Mit dem plötzlichen Ruhm nach den ersten Hits konnten sie durchaus umgehen, wie Marian Gold in der Rückschau erzählt. Noch einige Wochen zuvor ohne eigene Bleibe, residierte er mit seinen Musikerkollegen plötzlich in den teuersten und besten Hotels. Vorher sei er getrampt, dann auf einmal in der ersten Klasse geflogen. Diese Phase nach den ersten Erfolgen habe er empfunden als säße er im Kino und schaue einen Film, in dem er selbst mitspielt. „Das war schon verrückt, doch abgehoben sind wir, denke ich, nicht“, sagt Marian Gold. Dazu blieb auch nicht viel Zeit, denn die Plattenfirma forderte sofort einen Langspielplatten-Nachfolger. „Der Druck war nach dem ersten Album natürlich da. Ich glaube aber, dass wir das ausgehalten haben“, so der Sohn eines Heizungsfabrikanten, der 1973 in Schule und Internat Schloss Salem, einer früheren Reichsabtei unweit des Bodensees, sein Abitur ablegte.

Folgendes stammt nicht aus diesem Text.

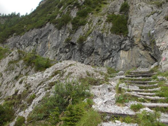 Der gut gesicherte Wandersteig verläuft teils in alpinem Gelände - vor allem oberhalb der Obstanser See Hütte sollte die Wanderung nur bei halbwegs gutem Wetter fortgesetzt werden.
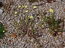 The height of the flowering stalk is about 40 cm, erected and slightly hairy. The leaves are linear-lanceolate in whole edge, length is about 15 mm, and a width of about 2–4 mm. This carnation formed globulous peak cluster (dichasia). The cup is a herbaceous in narrowing the sense that it can be longer. The petals are long about 7 mm, sulphurous-yellow forward improperly serrated. The flowers have the 10 stamens. It blooms in May and June. The fruit is a wiry cylindrical sleeve, which opens with four prongs, but it is more dark seeds.
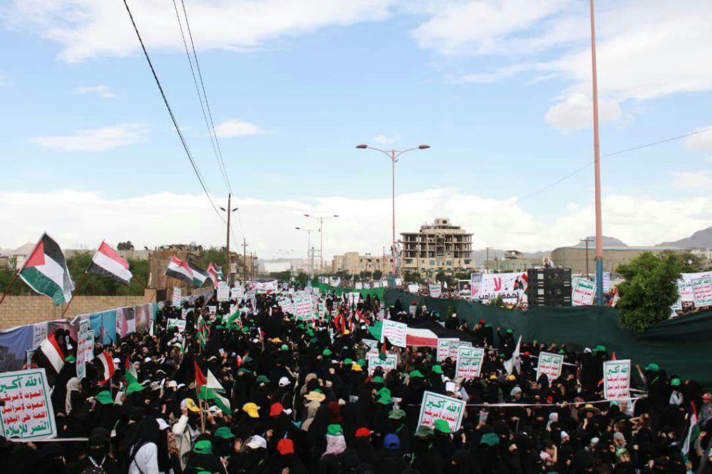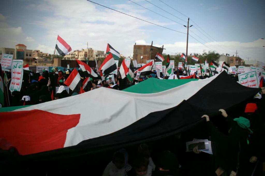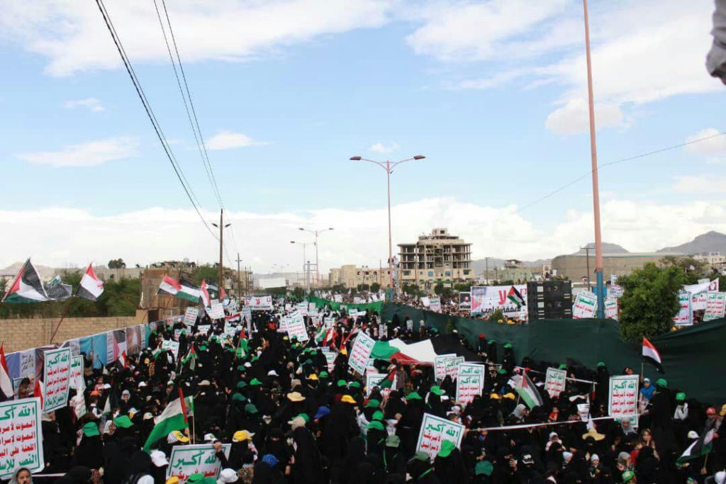 بحضور نسائي مهيب ارتسمت لوحة شموخ وعظمة تجسدت بصورةِ مشاركة فاعلة لحرائر وأطفال اليمن في فعالية يوم القدس العالمي في شارع الستين الشمالي بالعاصمة صنعاء، تجلت فيها كل معاني الولاء والوفاء للقضية الفلسطينية وللشعب الفلسطيني في ذكرى احياء يوم القدس العالمي.
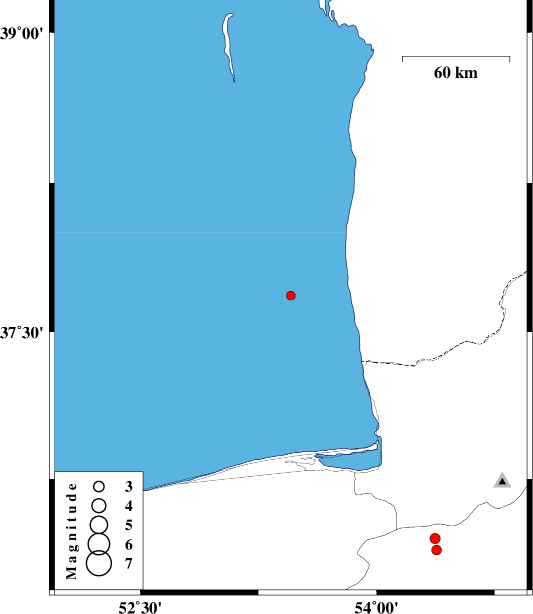 | 2017/04/14 | 21:14:32.9 | 01:44:32.9 | 37.682 | 53.456 | 15 | ML:2.5 | Caspian Sea | ||

Dass spätere Songs nicht mehr an die 80er-Jahre-Hits heranreichten, damit hat Marian Gold offenbar seinen Frieden geschlossen: Manches gebe es im Leben eben nur einmal, findet der Künstler, dessen sieben Kinder von vier verschiedenen Müttern stammen. Mit Alphaville im klassischen Gewand scheint sich dabei nun ein Kreis zu schließen. „Eternally Yours“ wirkt wie das Vermächtnis der Band – mit 23 Liedern, die mit ihrer philharmonischen Power nicht nur Fans begeistern dürften.